Но для нее-то грозный князь был любимым батюшкой. На нее-то он никогда так не смотрел.
Вот нынче Яромира на собственной шкуре испытала то, что испытывал просто люд, когда ладожский князь гневался.
Харальд насмешливо звал ее дроттнинг. Княжна на языке викингов. Но говорил с ней совсем не так, как полагалось говорить с княжной.
К горлу подкатывала мутная тревога всякий раз, как Яромира оказывалась подле конунга. Она гнала боязнь прочь изо всех сил. Чеслава учила ее, что страха нет. Своей волей может человек обуздать все чувства.
Пока у княжны выходило худо. Взгляд Харальда, его рокочущий голос заставляли ее дрожать. По хребту проползал холодок всякий, всякий раз, когда его ледяные, синие глаза встречались с ее. И то не был холодок сладкого предвкушения али сердечного томления.

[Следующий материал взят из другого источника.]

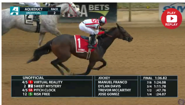
VIRTUAL REALITY a last out winner at Aqueduct on April 14th.

Last Race: 4/14/24 - ALW-N1X Finish: 1st Trainer: Chad Brown Conditions Left: N2X Preferred Surface: DIRT
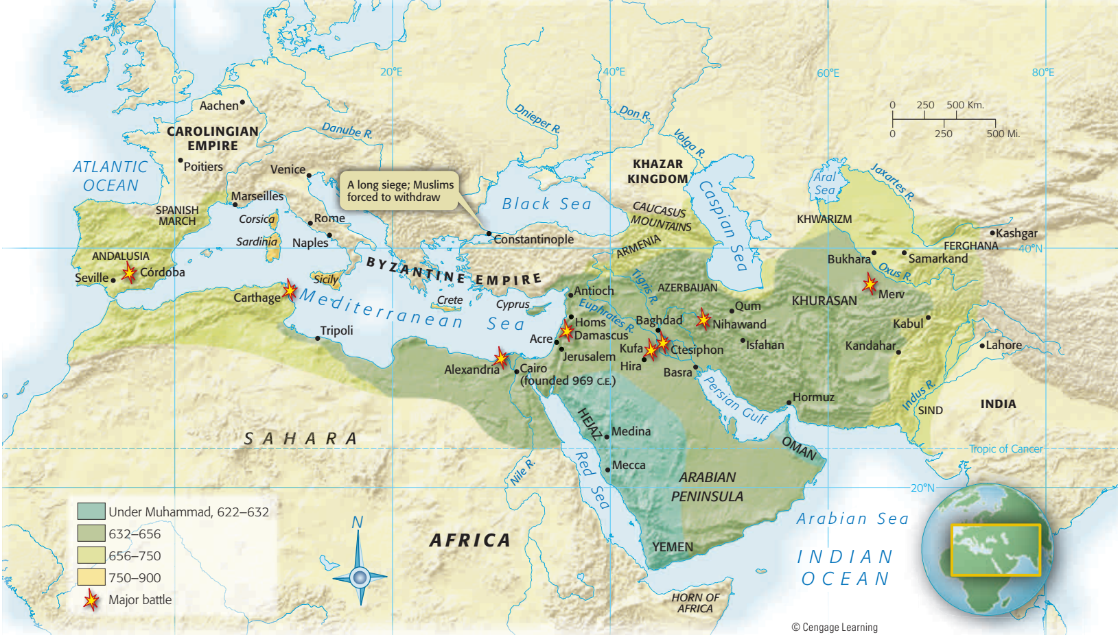
MAP 8.1 Early Expansion of Muslim Rule Arab conquests of the first Islamic century brought vast territory under Muslim rule, but conversion to Islam proceeded slowly. In most areas outside the Arabian peninsula, the only region where Arabic was then spoken, conversion did not accelerate until the third century after the conquest.
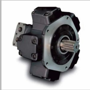
Radial Piston Motor
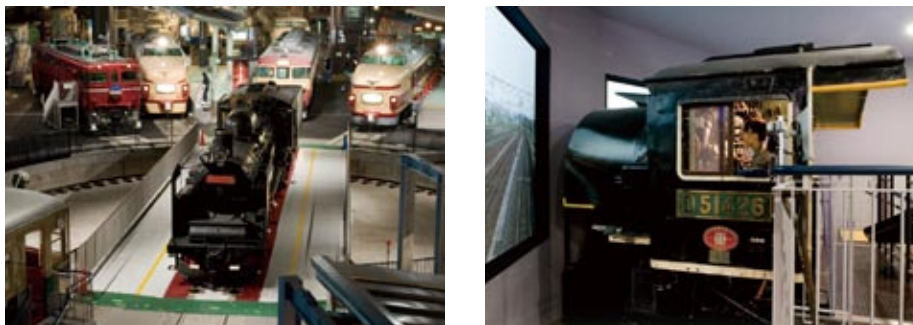
The Railway Museum

On October 14, 2007, the Railway Day, the Railway Museum was opened in Saitama City, and it is based on three major concepts. It was designed to be a museum that systematically conducts surveys and research using railway-related heritage and reference materials, a history museum that depicts the history of railways focusing on exhibits of locomotives and cars, and an educational museum where visitors can learn about railway principles, systems and technologies through hands-on experience. Since its opening, The Railway Museum has proved to be a great success, attracting about 800,000 visitors in the fiscal year ended March 2014. Going forward, renewal work of building interior and construction of a new building are scheduled in time for its 10th anniversary in October 2017.
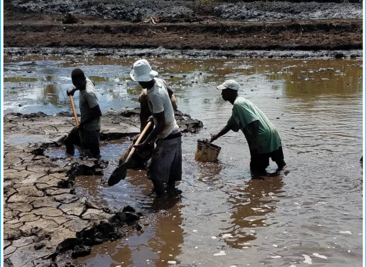
Reminder of how the Fish Pond has been dug - all by hand, and now 7 ft deep!

Work on the chicken coops has started; they are using mud from the Fish Pond excavation to level the land for the Chicken Coops.
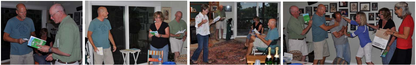
The actors and director are working hard to bring you a fun and entertaining evening – Don't Miss It!

The cost will be $10 per person due to the costs incurred to produce the show.
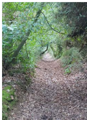
A lovely enclosed path heads down to Harrowbarrow
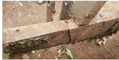
Figure 11: Rack cracking.
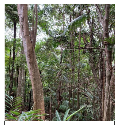
Bush section adjacent to Goonengary National Park

We joined 'Land for Wildlife' shortly after arriving in the valley, keen on developing and improving the habitat values. We then started the conservation agreement process in September 2018 and now in May 2021 we have the agreement in place over some two thirds of the property. Does this 'lock away' the land? Well, yes and no. Yes, where the bush/rainforest areas are situated, creating better wildlife habitat and encouraging plant diversity but no, with the bulk of our cleared land still able to be utilised by us or subsequent owners for a secondary dwelling, grazing livestock, gardens etc. Under the agreement we are required to maintain a level of weed and pest control which would have been part of any land management plan we'd have come up with anyway. In fact ,our advice has now been that a conservation agreement represents a significant investment in the property that would be reflected in its value upon sale!
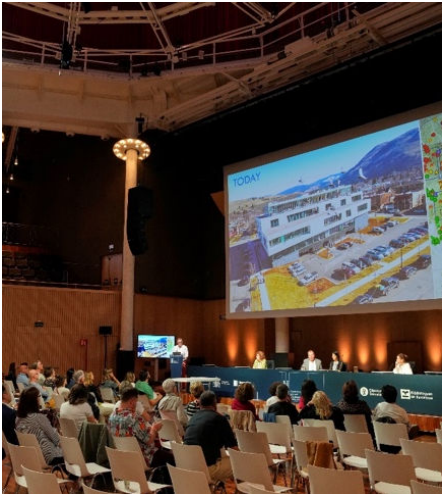
Presentation of the awards and winners

More information about the nominated libraries can be found on the Ensulib website.
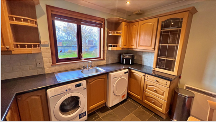
Kitchen - 2.52m x 3.30m

Накануне, пока возилась с его раной от копья на спине, Яромира смогла получше разглядеть рисунки, набитые на его коже. Раньше о таком она лишь слышала от ближников отца. Теперь же довелось самой увидеть. Темные линии складывались в мудреный узор, смысла которого она не понимала. Вбитые в кожу, они оплетали широкие, крепкие плечи конунга, и часть уходила на грудь, змеилась вниз, до самых ребер.
Яромире они казались жуткими. Она не представляла, сколько боли он вытерпел, пока чья-то рука рисовала те узоры.
Нравы, царившие среди викингов, были на порядок жестче ладожских. Княжна убеждалась в этом с каждым новым часом.
Выждав какое-то время и заскучав, Яромира осторожно и тихо сдвинулась на своем ложе и чуть оттянула в сторонку кожаную занавесь.
Харальд стоял ровно на том самом месте на носу драккара, где она увидела его в первый раз. Казалось, с того мгновения он не сдвинулся ни на ладонь. Его рука ласково поглаживала страшную, деревянную морду чудовищного зверя, украшавшую нос корабля. У княжны во рту сделалось сухо, и она облизала губы.
Он стоял в одних портках, без рубахи, и невольно Яромира заметила, что сквозь наложенные ею повязки просочилась кровь. На светлой тряпице, ярко выделявшейся в темноте, проступила длинная багряная полоса.
Запрокинув голову, конунг вглядывался в небо. Его губы порой беззвучно шевелились. Княжна пожалела, что сунула нос не в свое дело. Харальд говорил с Богами, а она, подсматривая за ним тайком, мешала.
Когда конунг резко обернулся, она едва успела отскочить. Яромира была готова поклясться, что он ее заметил. Почувствовал. Неважно! Он точно знал, куда смотреть. Закусив губу, княжна покосилась на край занавеси, который еще колыхался. Чутко, внимательно прислушиваясь, она ждала чужой поступи.
Но палуба молчала. Ни шелеста, ни скрипа.
Натянув повыше плащ, Яромира положила щеку на сложенные ладони и закрыла глаза. Довольно для нее на сегодня.
Утром она не сразу сообразила, где находится. Выбравшись из-под
плаща, княжна застонала. Утихшая к ночи боль заиграла с новой силой.Вылезать из-за занавеси отчаянно не хотелось. Встречаться с Харальдом, за которым она — Боги Светлые! — подглядывала ночью, не хотелось еще сильнее. Сделав над собой усилие, Яромира все же сдвинула в сторону занавесь.
И тут же столкнулась с едким взглядом.
— Долго же ты спишь, белоручка.
Злобный волчонок Ивар, племянник Харальда, обернулся к ней со своей скамьи. Нарочно или нет, но сидел он совсем близко к ней. Их отделял лишь небольшой проход на палубе. Невольно рука Яромиры дернулась к горлу, которое болело. Она не могла посмотреться в серебряное зеркало, но знала, что на шее уже проступили следы его жесткой хватки.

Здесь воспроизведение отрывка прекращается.